Baby to inherit millions if proven progeny of murdered West Vancouver man

A Chinese woman trying to prove her baby daughter has sole claim to the fortune of a murdered West Vancouver millionaire has won her bid for a paternity test.

VANCOUVER — A Chinese woman trying to prove her baby daughter has sole claim to the fortune of a murdered West Vancouver millionaire has won her bid for a paternity test.

A new British Columbia law says the child stands to inherit everything if the results match.

The B.C. Supreme Court has ordered DNA testing on the remains of Gang Yuan, whose body was found chopped into more than 100 pieces. A man has been charged with second-degree murder.

Contending she is Gang’s former lover and the mother of his child, Xuan Yang argues her child is legally entitled to inherit the man’s estimated $50-million estate.

The latest development in the saga worthy of an Asian soap opera occurred on July 14, when a judge approved the woman’s application for the independent genetics investigation.

A DNA laboratory has now been authorized to obtain a sample of remains stored by the B.C. coroner, with testing to be completed by Aug. 26.

The court ordered the results be provided to the administrators of Gang’s estate. The DNA sample must also be preserved and made available for testing by any other possible children of the dead man.

“To the knowledge of the petitioner, the deceased had no other children with any claim to his estate when he passed away,” say court documents, although the claim of Gang fathering only one child has not been proven.

Requests for comment to lawyers representing the administrators were not returned.

Trevor Todd, a Vancouver-based estate litigation lawyer with 42 years experience, said a positive paternity test would entitle the child to her father’s fortune.

“That’s going to be pretty darn conclusive. You can have all sorts of other circumstantial evidence, but it comes to down to blood. It’s 100 per cent,” he said.

“It’s just automatic, nothing to contest. That little rich kid’s going to need a bodyguard,” he joked.

A positive result would mean the case is clear cut based on the law that came into force in March 2014, called the Wills and Estate Succession Act, added Victoria lawyer Charlotte Salomon, who’s been practising in the field nearly two decades.

The law defines what happens to a person’s estate if they have no will, as was the situation when Gang was killed on May 2.

If the baby is proven to be his offspring, the court would appoint a guardian to hold the money in trust. The remaining funds would flow to the child at age 19.

Xuan also stands to gain a pretty nice lifestyle, Salomon said.

“She can say, ’I have to provide for my child to live in a nice house, in a nice neighbourhood where there’s good schools, and of course I’ll need a nice car to transport her everywhere, and, and, and’…,” said Salomon.

“You can see where there may be some motivation here. In addition to having something for your child, she gets a little bit of a good ride.”

The legalities make the back story even more curious.

Xuan alleges her lover’s brother has tried blocking her daughter’s potential windfall. Her petition to the court claimed he wanted to handle the DNA testing himself, and was moving to cremate the man’s remains.

The woman meanwhile describes a love affair over several weeks after she and Gang met in Beijing.
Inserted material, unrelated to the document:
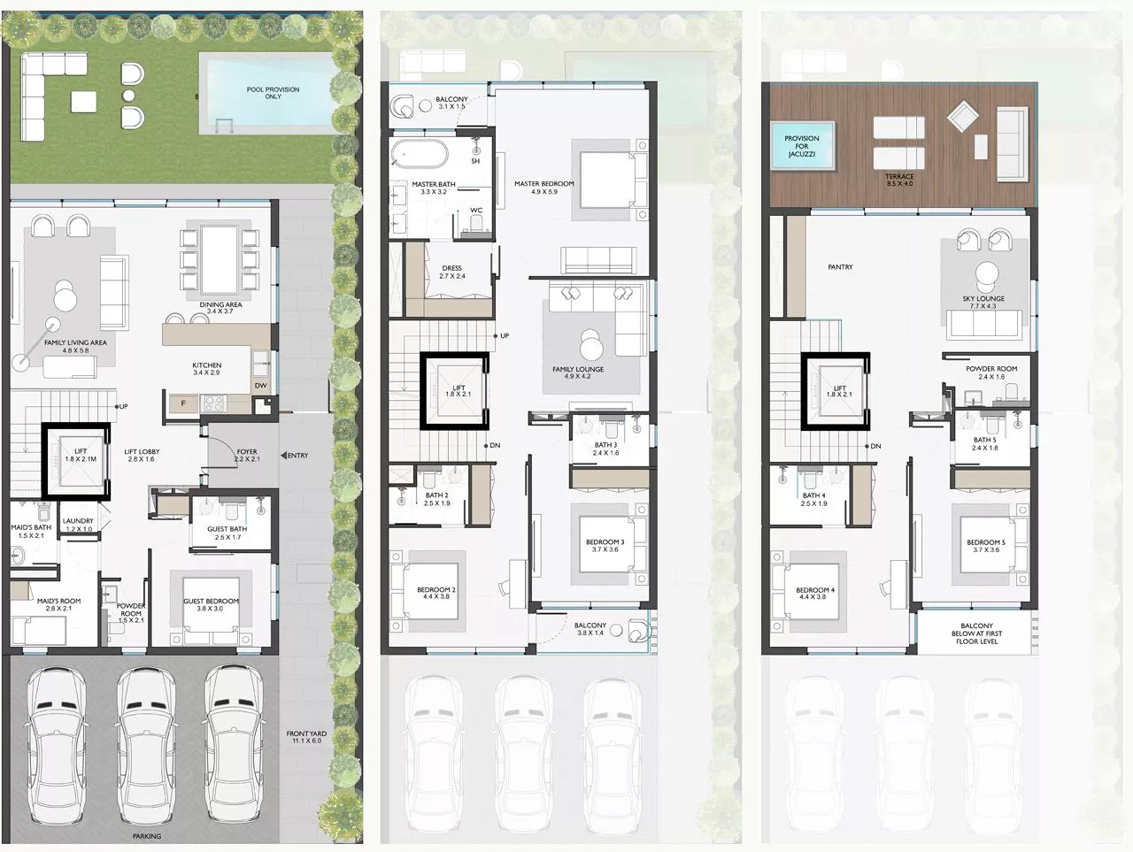 You have the privilege of choosing from a total of 84 six-bedroom standalone and twin villas, as well as six-bedroom townhouses, all boasting breathtaking views of the lush greenery. These properties offer spacious living areas ranging from 4,671 sq. ft to 8,032 sq. ft.

They vacationed in Las Vegas, Miami and Mexico before she gave birth in California.

Xuan has put forward evidence, including text messages, that the man was excited about the birth. The two were planning a life together, she stated in court documents.

Few details have ben released about the man’s death. Li Zhao, a 54-year-old man married to the victim’s cousin, faces the second-degree murder charge.

Gang’s home in a tony West Vancouver neighbourhood was in the name of the accused.